Micor also produces the Common Remote Operating System, used in Iraq to reduce exposure to enemy fire for weapon operators.

The company will apply Thursday to the Decatur Industrial Development Board for a tax abatement for the planned expansion, at which time it will provide details on the timing and scope of the expansion.

In documents filed with IDB on Tuesday, Micor requested an abatement of non-educational city, county and state property taxes of $9,404 a year for 10 years. It also requested a $96,500 abatement of sales and use taxes it will incur during construction of the expansion.

“We had a tax abatement about five years ago, and it seemed to work out very well for the city, the area and us as well,” Heath said.

The previous abatement, requested in 2005 when the City Council rather than the IDB ruled on the requests, provoked controversy, especially from former City Councilman Ray Metzger.

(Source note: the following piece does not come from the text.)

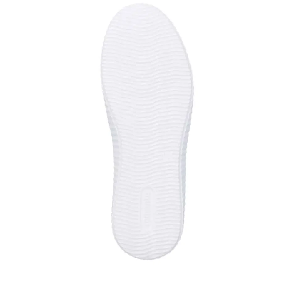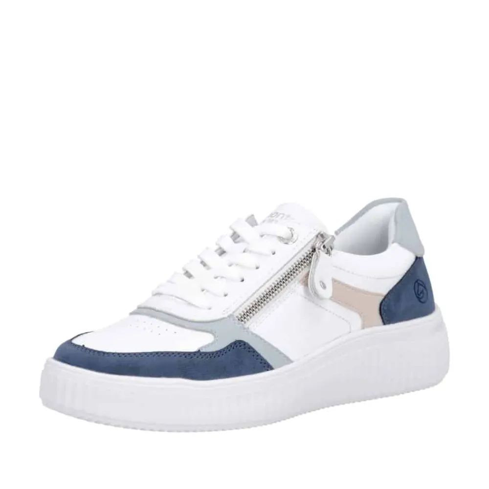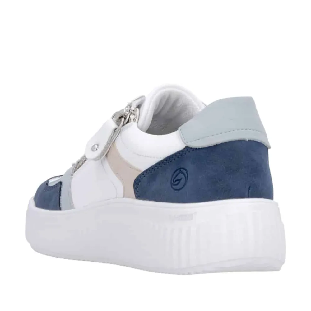 Remonte sneakers til dame i hvid. Disse smarte sneakers med skindoverdel i hvid og blå detaljer kombinerer stil med praktiske løsninger til hverdagen. Skoen er udstyret med både snørebånd og en funktionel lynlås, så pasformen nemt kan justeres efter foden. Indvendigt bliver du mødt af en blød og udtagelig indersål samt ekstra bredde (H), som giver god rummelighed og høj komfort hele dagen. Ydersålen er designet med et mønster, der giver øget stødabsorbering og skridsikkerhed i hvert skridt.

At the time, Micor had 12 employees in rented space. The City Council ultimately approved an abatement of $16,900 in state construction-related sales and use taxes, plus an annual abatement of $3,841 for 10 years. The abatements facilitated Micor’s construction of its State Docks Road facility.

Micor projected it would employ 29 employees by mid-2008, but beat its estimate by 21 employees.

Barney Lovelace, the lawyer for IDB, said abatements may not be ideal, but they are sometimes necessary.

“As long as other states and other cities in Alabama are offering abatements, to be competitive, we will have to do the same in Decatur and Morgan County,” Lovelace said.

Jeremy Nails, president of the Morgan County Economic Development Association, said the need for abatements is not limited to out-of-town companies considering a Decatur location.

Local firms

“Supporting our local companies is important,” Nails said. “If we don’t incentivize them to create new jobs and investment in our town, some other town will certainly try to recruit them out of Decatur.”

IDB will consider Micor’s abatement request Thursday at 10 a.m. at Lovelace’s office, 214 Johnston St. S.E.